TTS toolkit built on Kokoro-82M with librosa audio enhancement, MCP server for Claude/Cursor, CLI & Python API. Free & open-source for YouTube creators.

Installation
Run this command in your terminal to add the MCP server to Claude Code.
Run in terminal:
Command
claude mcp add --transport stdio aparsoft-kokoro-mcp-server python -m aparsoft_tts.mcp_server \
  --env MCP_HOST="0.0.0.0" \
  --env MCP_PORT="5000" \
  --env LOG_LEVEL="INFO"

How to use

Kokoro MCP SERVER provides an MCP (Model Context Protocol) integration for the Kokoro-82M based TTS toolkit. This server enables voice generation requests to be issued from external MCP-enabled tools (such as Claude Desktop, Cursor, or other AI agents) without leaving your editor or UI. The MCP server runs the core TTS engine, handles context management, and returns generated audio aligned to the requested text chunks. You can use the MCP flow to generate voiceovers inline within your AI-assisted workflows or batch processes. The server exposes an endpoint that external tools can call to request synthesis using a specified voice, text, and optional processing settings. In addition to MCP, the project also offers a CLI and a Streamlit web UI for standalone usage, making it easy to test and validate TTS outputs before integrating with MCP.

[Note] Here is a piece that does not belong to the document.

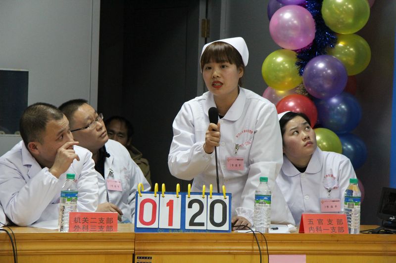 竞赛考核的内容为:三甲评审实施细则、应知应会手册、应急预案手册、医院制度汇编、评审专家现场访谈等知识内容。全院全体职工,以13个党支部为单位组成六个竞赛小组,每个竞赛小组从支部内选拔三名代表队员参赛,评委由综合管理组、医疗组、药事组、护理组、院感组一名专家组成,医务科科长颜程光担任总评委。比赛共分四轮,分别为必答题、抢答题、闯关题、风险题,依据答题情况累计分数,确定名次,每轮的比赛规则各异,其中要数闯关题和风险题最令人紧张刺激、变数最多,期间各参赛队伍势均力敌、你追我赶、激烈对抗、奋力拼杀,也将现场的气氛拉至高潮,最终第二竞赛小组,以堪称完美的表现力秒杀全场,征服了现场的评委及观众,以总分第一的成绩夺得团体一等奖。在比赛间隙,为了调动、活跃现场气氛,穿插了观众互动环节和文艺演出,现场观众热情参与,积极与主持人互动,回答问题,玩得不亦乐乎。

To use MCP, start the Kokoro MCP SERVER, then issue generate requests from your MCP-enabled editor or agent. For Claude Desktop or Cursor, you can trigger an in-context voice generation like: “Generate voiceover for this section using am_michael voice.” The server will return the generated audio data or a path to the saved audio file depending on your integration. The system supports batch processing, script processing, and multiple voices, enabling teams to standardize voice assets across tools. If you also enable the optional Streamlit UI, you can visually configure voices, processing options, and monitor analytics while developing MCP integrations.

How to install

Prerequisites:

  • Python 3.10+ installed on the host
  • Git (optional, for cloning)
  • System dependencies for TTS: espeak-ng, ffmpeg, and related audio libraries as documented (Ubuntu/Debian/macOS/Windows guidance in README)

Installation steps:

  1. Set up a Python virtual environment (recommended): python -m venv venv source venv/bin/activate # Windows: venv\Scripts\activate

  2. Install the package in editable mode with all features (complete set including MCP server and UI): pip install -e ".[complete]"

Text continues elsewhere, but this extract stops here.